# What you have to do
Lines from the one containing "줄 수를 입력받고 반복문으로" through the last line of the data are to be returned exactly, both ends included, minus any pictures.

# Available data
· · · · · · ·

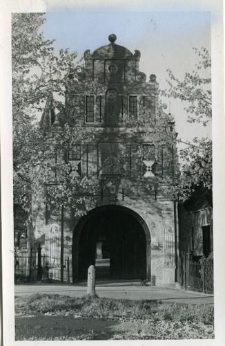Foto in zwart wit van de poort van het Poptaslot te ...
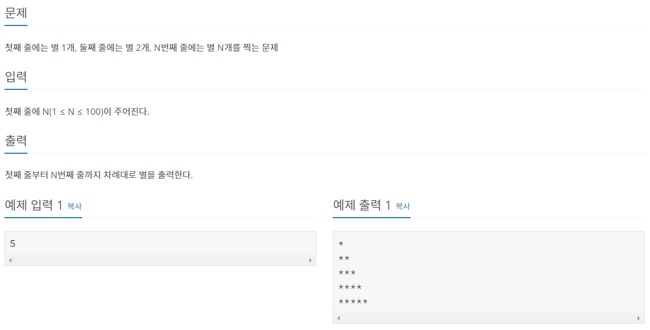 줄 수를 입력받고 반복문으로 줄 수 만큼, n번째 줄에 n개의 별이 출력되도록하자.
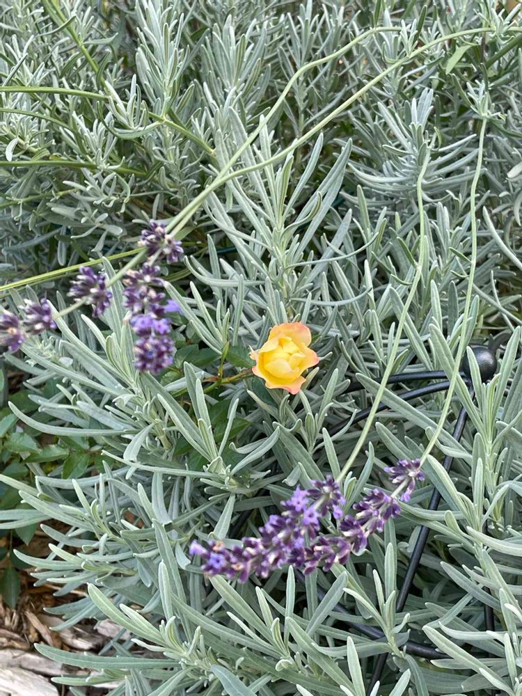ラベンダーの合間からひょこっと顔を出しているのは、ミニバラのイタリアンアイス
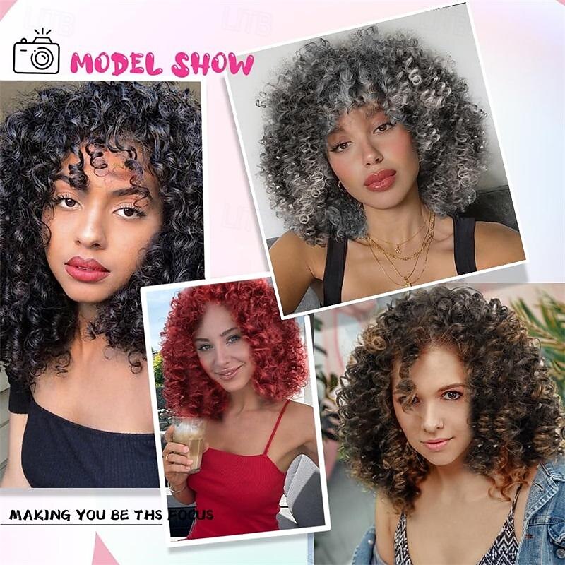 $21.99 - Short Curly Wigs for Black Women - Ombre Brown Color Afro Curly Synthetic Wigs with Bangs Halloween Wigs 2025. Shop for cheap Party Wigs online? Buy at lightinthebox.com on sale today!

· · · · · · ·

# Solution
 줄 수를 입력받고 반복문으로 줄 수 만큼, n번째 줄에 n개의 별이 출력되도록하자.
ラベンダーの合間からひょこっと顔を出しているのは、ミニバラのイタリアンアイス
 $21.99 - Short Curly Wigs for Black Women - Ombre Brown Color Afro Curly Synthetic Wigs with Bangs Halloween Wigs 2025. Shop for cheap Party Wigs online? Buy at lightinthebox.com on sale today!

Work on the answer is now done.